**Task**: Would you transcribe the entries below, beginning at the line with "赵老师首先介绍了在论文中如何" and ending after the line with "WORK offers a", exactly, with no picture and nothing more?

**Record extracts**:
+++++

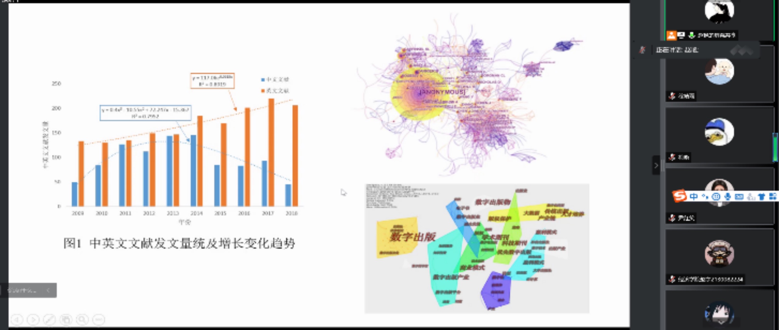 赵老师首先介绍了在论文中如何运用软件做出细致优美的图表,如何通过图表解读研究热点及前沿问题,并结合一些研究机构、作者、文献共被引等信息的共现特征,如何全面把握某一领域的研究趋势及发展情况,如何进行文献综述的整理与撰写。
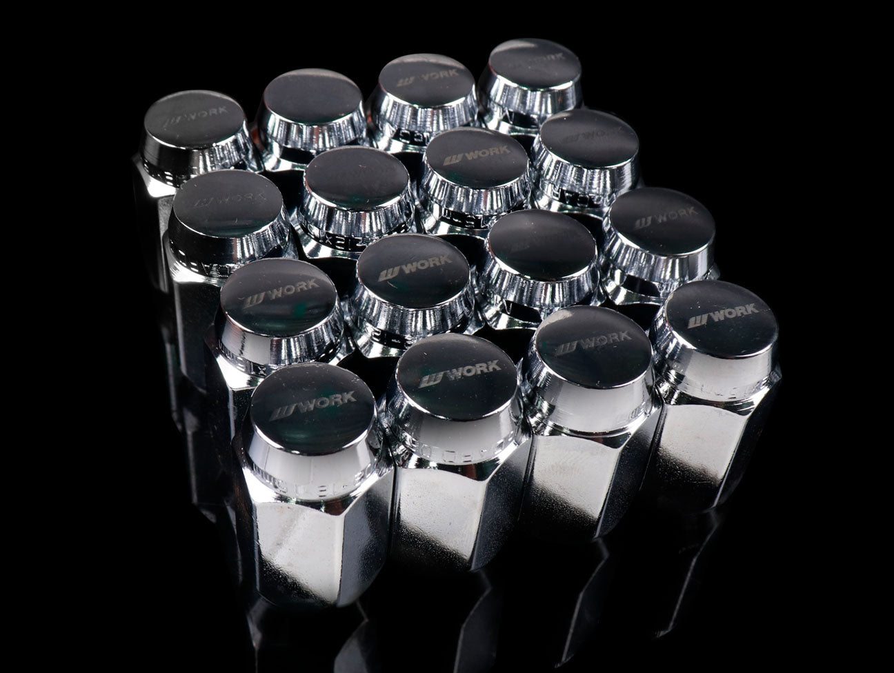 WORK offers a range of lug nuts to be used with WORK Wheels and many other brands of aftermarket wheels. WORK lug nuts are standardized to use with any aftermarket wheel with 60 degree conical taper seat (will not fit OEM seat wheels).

+++++

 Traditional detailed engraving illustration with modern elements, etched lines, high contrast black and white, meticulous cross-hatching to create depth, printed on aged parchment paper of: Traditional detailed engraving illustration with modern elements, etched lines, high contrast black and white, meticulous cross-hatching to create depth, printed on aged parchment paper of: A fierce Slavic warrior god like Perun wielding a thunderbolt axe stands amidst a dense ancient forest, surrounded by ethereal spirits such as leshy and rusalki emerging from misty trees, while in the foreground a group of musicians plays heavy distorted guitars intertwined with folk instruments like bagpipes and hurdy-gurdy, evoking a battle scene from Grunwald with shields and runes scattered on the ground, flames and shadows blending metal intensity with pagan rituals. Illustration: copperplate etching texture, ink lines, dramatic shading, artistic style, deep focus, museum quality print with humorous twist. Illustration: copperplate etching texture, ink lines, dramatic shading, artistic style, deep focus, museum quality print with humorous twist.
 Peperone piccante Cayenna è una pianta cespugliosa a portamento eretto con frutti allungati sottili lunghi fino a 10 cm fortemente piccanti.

+++++

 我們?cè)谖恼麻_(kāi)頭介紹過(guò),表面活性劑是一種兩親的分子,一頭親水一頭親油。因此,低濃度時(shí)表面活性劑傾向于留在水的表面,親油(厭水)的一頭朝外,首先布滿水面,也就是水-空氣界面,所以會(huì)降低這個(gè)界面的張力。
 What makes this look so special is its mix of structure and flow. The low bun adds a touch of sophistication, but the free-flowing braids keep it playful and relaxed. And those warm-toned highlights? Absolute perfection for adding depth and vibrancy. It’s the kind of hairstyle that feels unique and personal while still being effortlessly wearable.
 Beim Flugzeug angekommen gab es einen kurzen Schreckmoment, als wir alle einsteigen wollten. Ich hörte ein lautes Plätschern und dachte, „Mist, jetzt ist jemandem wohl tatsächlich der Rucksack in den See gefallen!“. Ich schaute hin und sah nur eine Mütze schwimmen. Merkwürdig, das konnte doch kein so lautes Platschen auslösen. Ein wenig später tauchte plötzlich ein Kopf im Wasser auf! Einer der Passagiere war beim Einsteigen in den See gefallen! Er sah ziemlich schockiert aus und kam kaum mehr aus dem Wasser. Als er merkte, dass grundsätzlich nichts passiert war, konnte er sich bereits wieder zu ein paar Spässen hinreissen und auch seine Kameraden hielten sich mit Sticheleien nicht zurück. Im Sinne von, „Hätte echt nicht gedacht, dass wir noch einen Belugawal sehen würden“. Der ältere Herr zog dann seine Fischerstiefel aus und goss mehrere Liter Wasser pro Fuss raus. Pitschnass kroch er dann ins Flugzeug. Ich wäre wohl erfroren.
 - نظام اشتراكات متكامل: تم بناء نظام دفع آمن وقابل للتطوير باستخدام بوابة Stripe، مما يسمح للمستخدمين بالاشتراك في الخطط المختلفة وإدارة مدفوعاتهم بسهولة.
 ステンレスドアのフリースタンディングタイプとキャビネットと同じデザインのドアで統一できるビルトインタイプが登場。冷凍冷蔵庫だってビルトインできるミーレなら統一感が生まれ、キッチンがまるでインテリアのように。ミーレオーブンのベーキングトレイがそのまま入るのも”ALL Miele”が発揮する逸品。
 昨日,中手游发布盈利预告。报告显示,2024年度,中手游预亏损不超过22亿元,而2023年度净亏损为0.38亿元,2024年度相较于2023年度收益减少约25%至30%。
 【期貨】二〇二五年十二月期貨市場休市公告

+++++

**Solved problem**:
 赵老师首先介绍了在论文中如何运用软件做出细致优美的图表,如何通过图表解读研究热点及前沿问题,并结合一些研究机构、作者、文献共被引等信息的共现特征,如何全面把握某一领域的研究趋势及发展情况,如何进行文献综述的整理与撰写。
 WORK offers a range of lug nuts to be used with WORK Wheels and many other brands of aftermarket wheels. WORK lug nuts are standardized to use with any aftermarket wheel with 60 degree conical taper seat (will not fit OEM seat wheels).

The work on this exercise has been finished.